The genetic material of nucleic acid vaccines can be DNA or mRNA, which is also encoded to produce targeted antigens in situ. A variety of vectors can be used to deliver genetic material to target tissues, including lipid nanoparticles (LNP), viral vectors, and plasmid DNA, or techniques such as electroporation can be used to enhance uptake. Alfa Chemistry provides customers with complete solutions to support their vaccine development process.

mRNA Vaccine

This new type of vaccine is chemically synthesized and encoded to directly produce specific disease antigens, which can be rapidly developed and scaled so that clinical materials can be used for trials and commercialization. They are also expected to prevent and treat various cancers by targeting tumor-associated antigens. Compared with more complex biological processes, the synthetic nature of such vaccines simplifies manufacturing challenges and is therefore generally considered to have strong and predictable safety. Despite these obvious advantages, there are still challenges related to the stabilization and delivery of genetic material to target cells and may bring special challenges in the production of the entire drug substance and the final formulation and filling process.
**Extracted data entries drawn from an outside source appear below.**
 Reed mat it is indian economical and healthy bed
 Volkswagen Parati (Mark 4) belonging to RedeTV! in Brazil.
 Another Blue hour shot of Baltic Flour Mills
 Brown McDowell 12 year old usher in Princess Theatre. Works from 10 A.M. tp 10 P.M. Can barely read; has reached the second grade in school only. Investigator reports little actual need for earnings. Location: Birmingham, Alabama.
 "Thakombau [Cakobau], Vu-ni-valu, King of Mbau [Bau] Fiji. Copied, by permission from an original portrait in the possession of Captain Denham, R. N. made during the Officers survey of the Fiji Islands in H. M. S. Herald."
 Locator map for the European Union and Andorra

Innate immune sensing of mRNA vaccines.Fig.1 Innate immune sensing of mRNA vaccines. (Pardi N, et al. 2018)

Specifically, the use of lipid nanoparticles (LNP) as a delivery mechanism is being studied, but it is well known that these complex formulations may be affected by the low throughput of certain sterile-grade filters, and if not carefully filtered, The risk of bacterial infiltration increases selection and verification.

Purification

Ultrafiltration membranes used in the diafiltration and product concentration stages can be used for size-based purification.
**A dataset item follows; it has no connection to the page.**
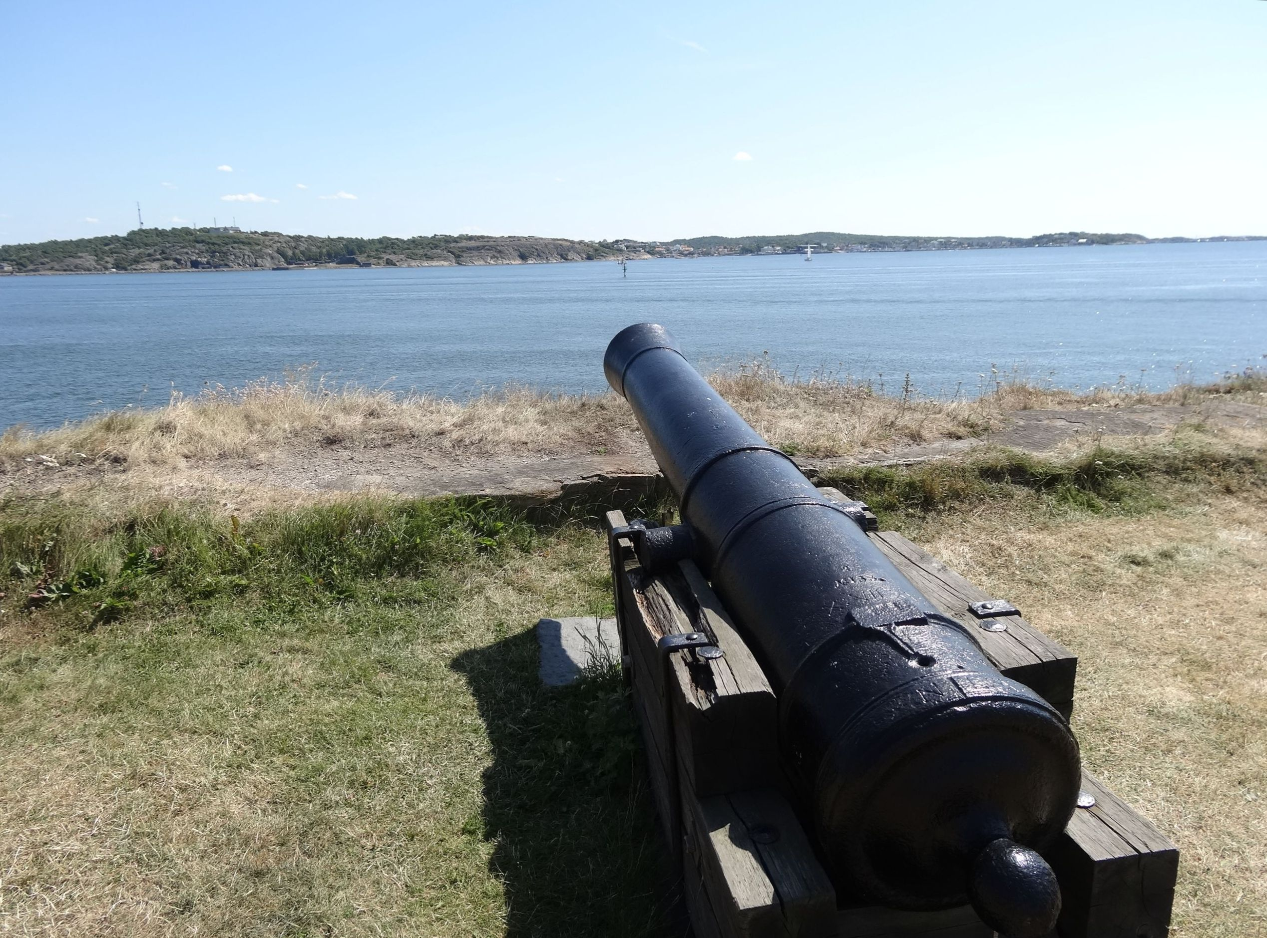 View from the bastion Mermaid at the fortress Nya Älvsborg, Gothenburg, Sweden, towards southeast. From left are the hills Käringberget, Västerberget and the small port Långedrag.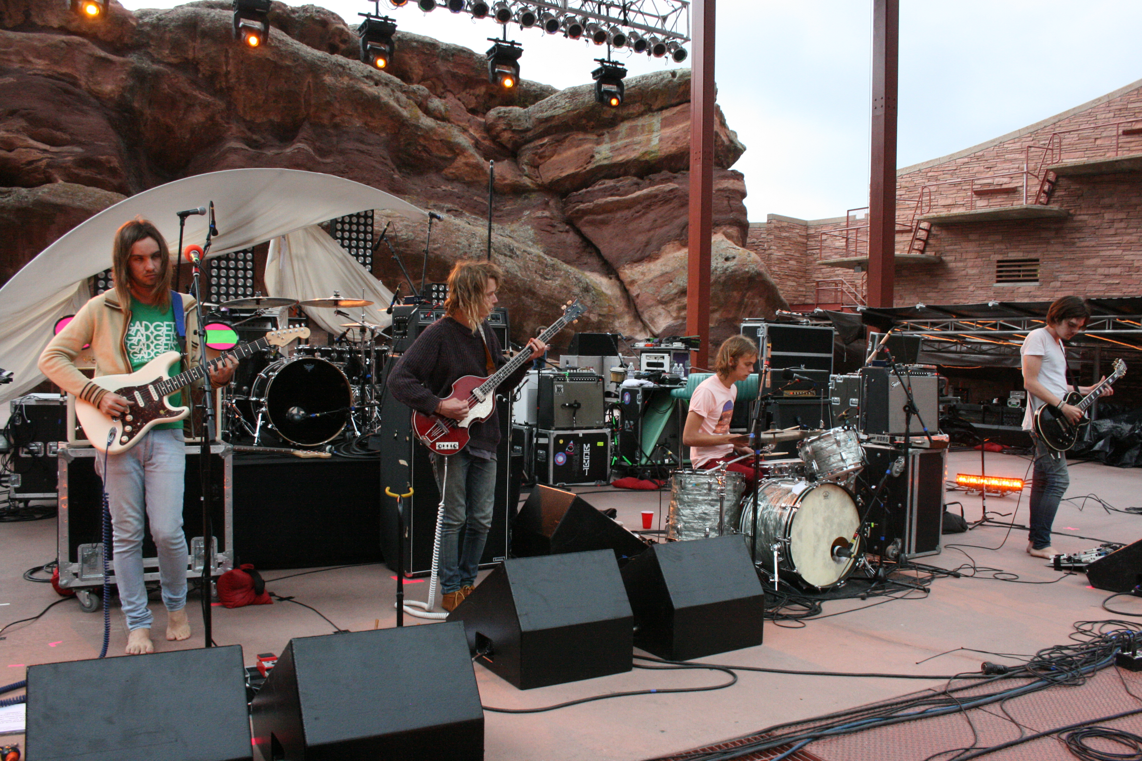 Tame Impala performing at Red Rocks Amphitheatre in Colorado on June 11, 2010

Anion exchange membrane chromatography can be used for endotoxin control and change-based pollutant removal.

Filtration

Complex formulations will bring unique filtration challenges, requiring careful selection of filters to maintain high yields. High-throughput capsules reduce product losses related to filter size and maintain high yields.

Fluid Handling

Keeping the manufacturing process clean is a core element of cGMP-compliant manufacturing. The use of single-use systems can range from collecting and transferring process components in biological treatment bags to complete integrated single-use manufacturing processes. This supports closed manufacturing processes and facilitates multi-product manufacturing to provide cost-effective, responsive, and agile processes.

DNA Vaccine - Plasmid Vector / Viral Vector

Vaccines that use plasmid DNA to transfect cells will cause one or more antigens associated with the target pathogen or cancer cell to be expressed in the cell. Although plasmids may encode different changes, these changes are similar to some stages in the production of viral vectors for gene therapy applications. The scale will vary according to the target disease, but the production process is basically the same.
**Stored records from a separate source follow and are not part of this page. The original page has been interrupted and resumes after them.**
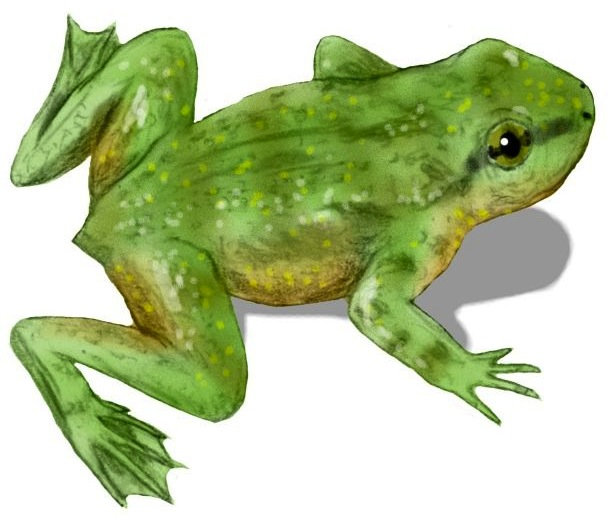 Prosalirus bitis, a proto-frog from the Early Jurassic of Arizona, pencil drawing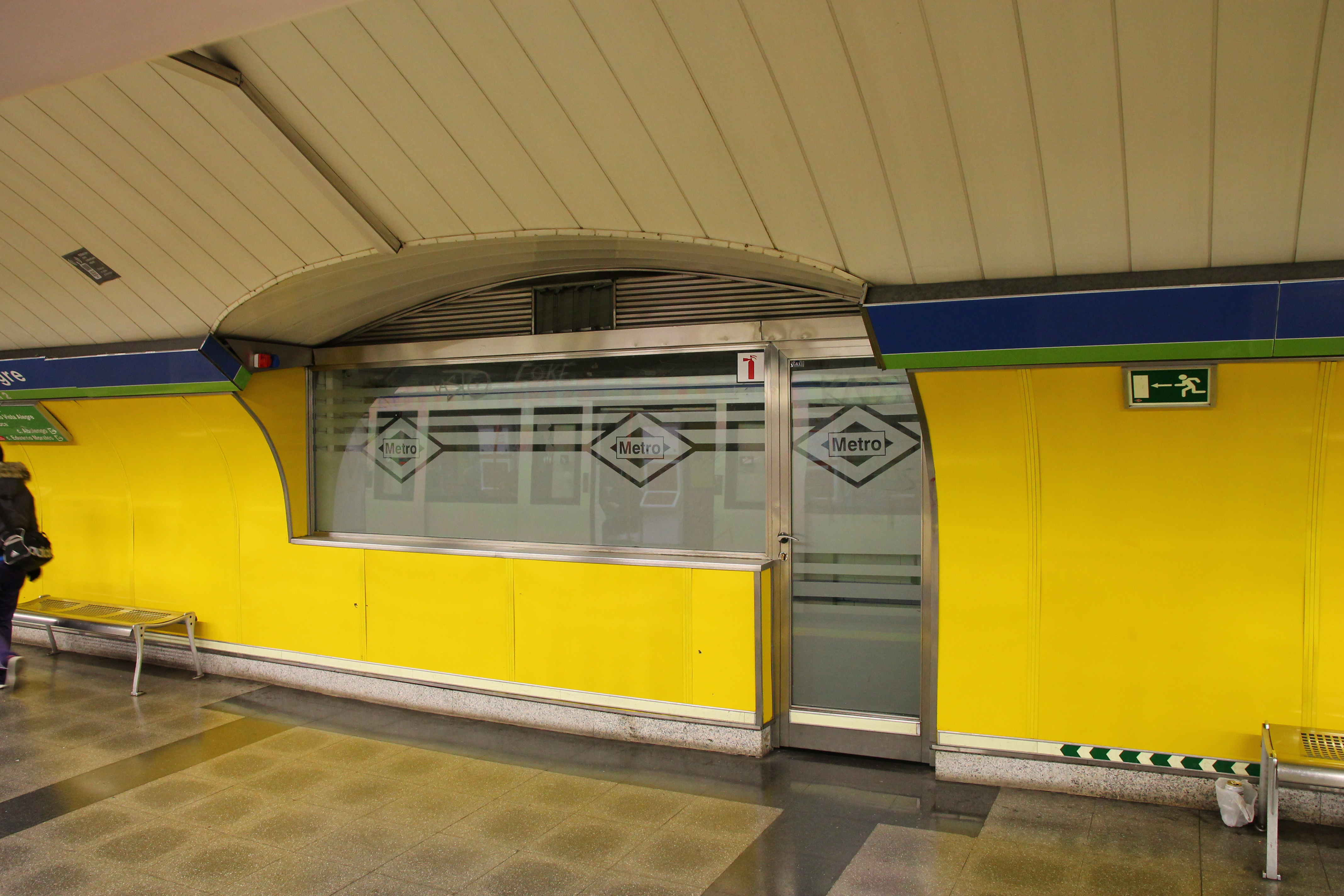 Estación de Vista Alegre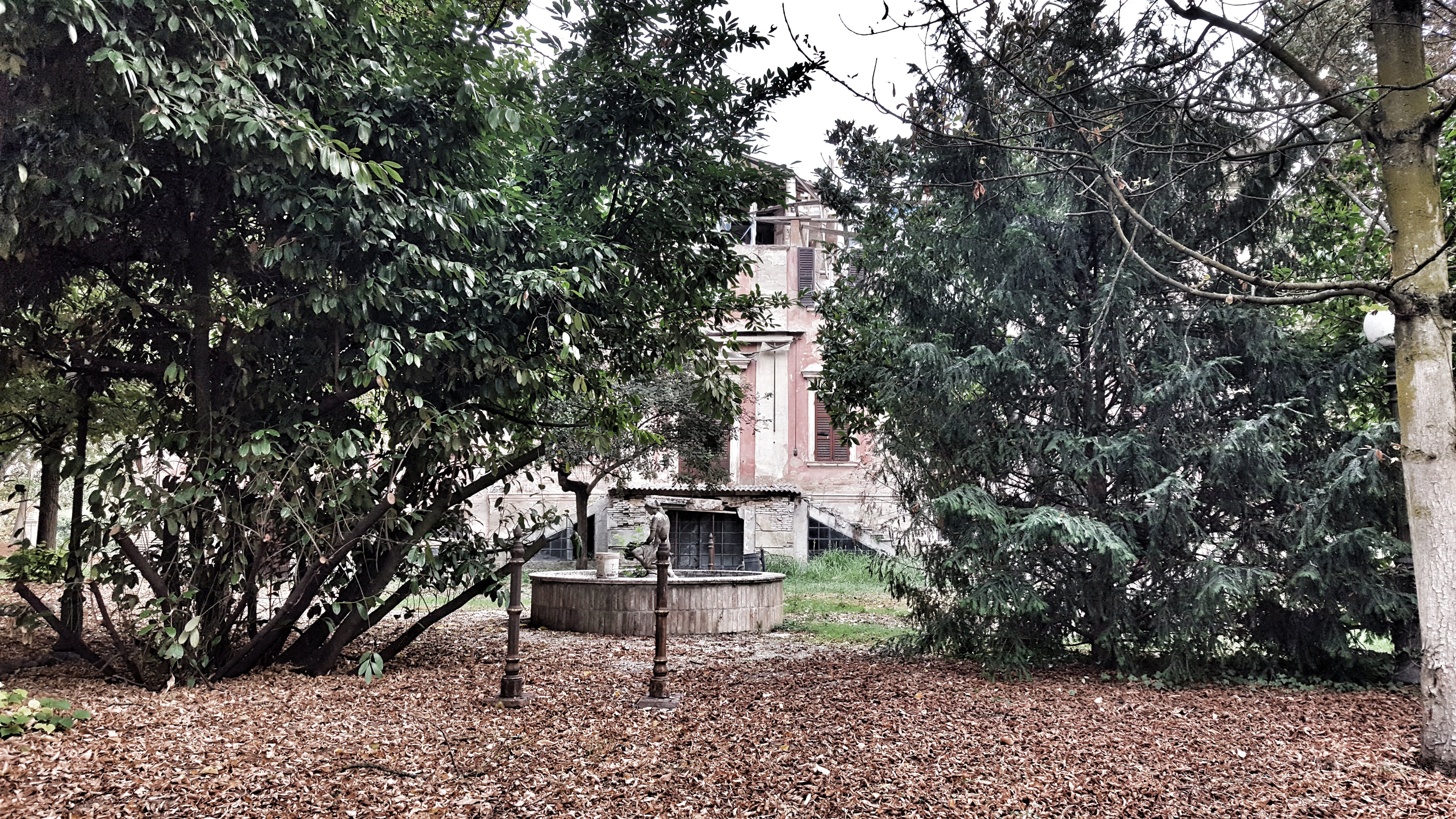 This is a photo of a monument which is part of cultural heritage of Italy.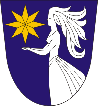 Coat of arms of Haljala vald, Estonia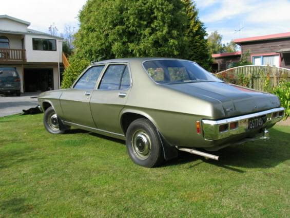 1971-1974 Holden HQ Kingswood.

DNA Vaccine - Plasmid Vector / Viral Vector

Viral vector DNA vaccines use harmless viruses, such as poxvirus and adeno-associated virus (AAV), to deliver carefully designed genetic instructions to target tissues. These sequences are encoded to cause these tissues to produce the desired antigen, which then stimulates the immune system to produce antibodies. These processes share and utilize the same technologies like gene therapy applications, especially industrial-scale solutions that support adherent and suspension cell cultures used to propagate these viruses. Combined with the platform purification process, these vaccines can be rapidly developed and industrialized.

One-time Treatment

From media preparation to cell culture and purification, the use of disposable systems and bioreactors, coupled with sterile connectors and disconnectors, helps to maintain safety at all stages of the vaccine production process, final formulation, and filling.

Reference

  1. Pardi N, et al. (2018). "mRNA Vaccines - A New Era in Vaccinology." Nature Reviews Drug Discovery. 17: 261-279.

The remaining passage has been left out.